Detection of fouling on electrically conductive membranes by electrical impedance spectroscopy

Detecting the onset of membrane fouling is critical for effectively removing membrane foulants during microfiltration (MF) separation. This work investigates the use of electrical impedance spectroscopy (EIS) on the surface of electrically conductive membranes (ECMs) to measure early development of membrane surface fouling. An electrochemical cell was developed in which an ECM acted as a working electrode and a graphite electrode acted as the counter electrode. Conductive membranes were fabricated by coating single-walled/double-walled carbon nanotubes (f-SW/DWCNT) on microfiltration polyethersulfone (PES) supporting membranes. Membrane fouling was simulated by pressure depositing different amounts of latex beads onto the surface of the membrane in a dead-end filtration cell. Changes in membrane water permeability were correlated to the degree of membrane fouling. Clean membranes had water permeability of 392 ± 28 LMH/bar. Reduction of membrane water permeability of 13.8 ± 3.3%, 15.8 ± 4.7%, 17.8 ± 0.5% and 27.1 ± 4.6% were observed for membranes covered with 0.028 mg/m2, 0.28 mg/m2, 1.40 mg/m2 and 2.80 mg/m2 on the membranes, respectively. These small differences in fouling degree were statistically resolvable in measured Nyquist plots. It was observed that the diameter of the higher frequency charge transfer region (104–106 Hz) of the Nyquist plot semicircles increased with greater fouling.
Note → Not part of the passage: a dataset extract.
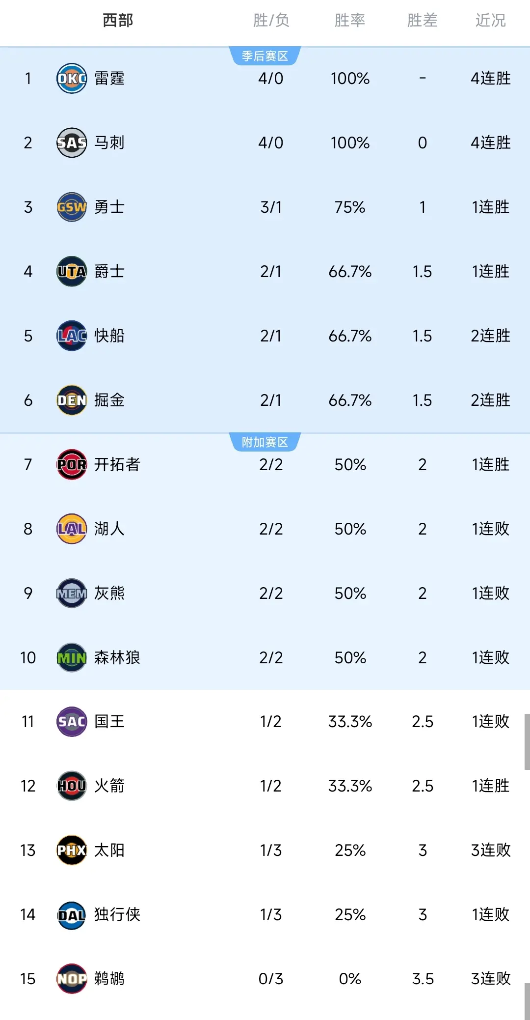 雷霆和马刺继续保持全胜的战绩,NBA西部最新排名如下,勇士暂列第三,湖人掉出前六的位置。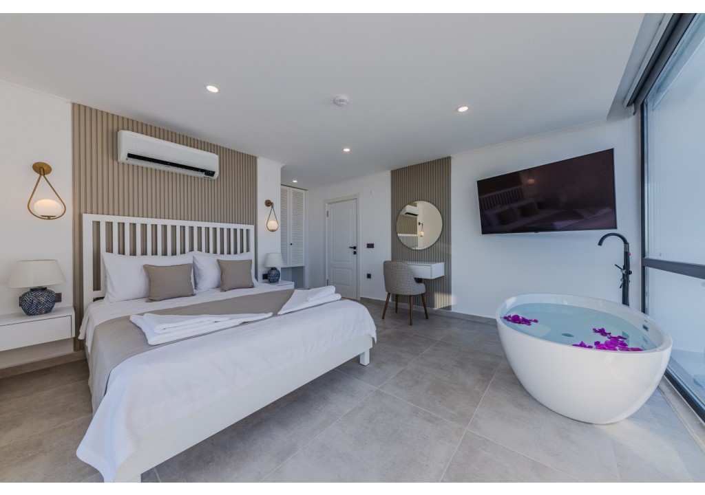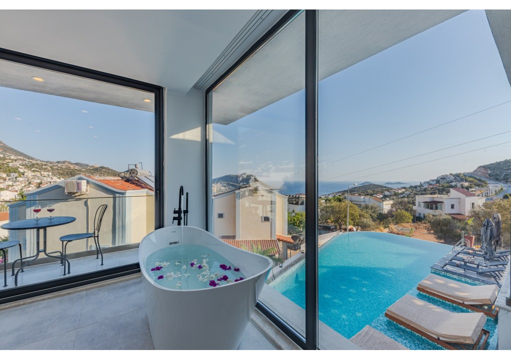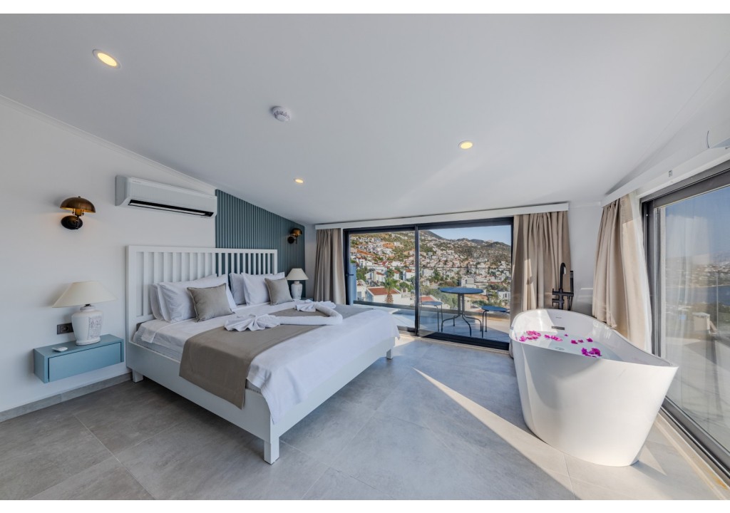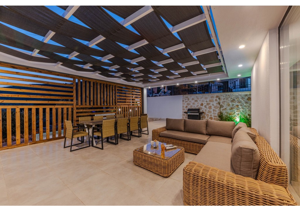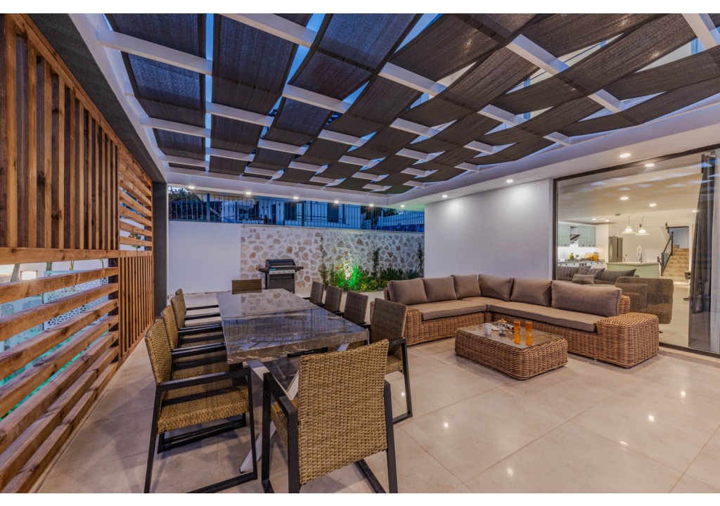 Villa Emporium, located in the Kızıltaş area of Kalkan, is a luxury villa offering spacious and comfortable accommodation with its 5 bedrooms and capacity for 10 guests. With its peaceful location and airy living spaces, it is an ideal holiday option for large families.

These observations were hypothesized to correspond to decreasing surface conductivities of the membranes by the incorporation of insulating materials (latex beads) within the porous conductive coating. This proposed hypothesis was supported by measured EIS results modeled with a theoretical equivalent circuit. Fouled membrane surface conductivity, surface hydrophilicity, and pore size were measured by SEM, four-point probe conductivity, contact angle, and MWCO experiments, respectively, to compare conventional characterization techniques with non-destructive EIS measurements.